AI Article Synopsis

  • This study investigates the use of machine learning (ML) to predict hospital stays for patients with severe systemic lupus erythematosus (SLE), focusing on factors that can extend hospitalization.
  • Data from 5,831 SLE patients was analyzed using various ML models, with XGBoost emerging as the most effective, showing high accuracy and strong performance metrics.
  • Key factors impacting length of stay included the need for central lines, acute dialysis, and acute renal failure, indicating that ML could improve care by identifying at-risk patients.

Article Abstract

Background: Although rare, severe systemic lupus erythematosus (SLE) flares requiring hospitalization account for most of the direct costs of SLE care. New machine learning (ML) methods may optimize lupus care by predicting which patients will have a prolonged hospital length of stay (LOS). Our study uses a machine learning approach to predict the LOS in patients admitted for lupus flares and assesses which features prolong LOS.

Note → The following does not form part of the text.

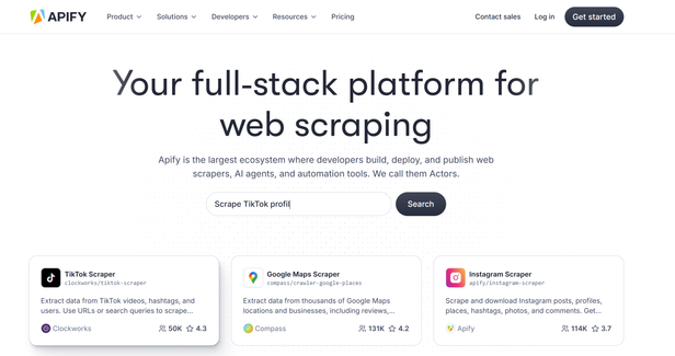 Apify operates as a cloud platform for running serverless automation scripts called “Actors,” rather than as a direct scraping API. This Actor model is powerful, offering deep control over behavior like concurrency, proxy rotation, and custom code injection via hooks (pre/postNavigationHooks). While its marketplace of pre-built Actors adds flexibility, the concept presents a steeper learning curve than a traditional REST API.

Methods: Our study sampled 5831 patients admitted for lupus flares from the National Inpatient Sample Database 2016-2018 and collected 90 demographics and comorbidity features. Four machine learning (ML) models were built (XGBoost, Linear Support Vector Machines, K Nearest Neighbors, and Logistic Regression) to predict LOS, and their performance was evaluated using multiple metrics, including accuracy, receiver operator area under the curve (ROC-AUC), precision-recall area under the curve (PR- AUC), and F1-score. Using the highest-performing model (XGBoost), we assessed the feature importance of our input features using Shapley value explanations (SHAP) to rank their impact on LOS.

Results: Our XGB model performed the best with a ROC-AUC of 0.87, PR-AUC of 0.61, an F1 score of 0.56, and an accuracy of 95%. The features with the most significant impact on the model were "the need for a central line," "acute dialysis," and "acute renal failure." Other top features include those related to renal and infectious comorbidities.

Conclusion: Our results were consistent with the established literature and showed promise in ML over traditional methods of predictive analyses, even with rare rheumatic events such as lupus flare hospitalizations.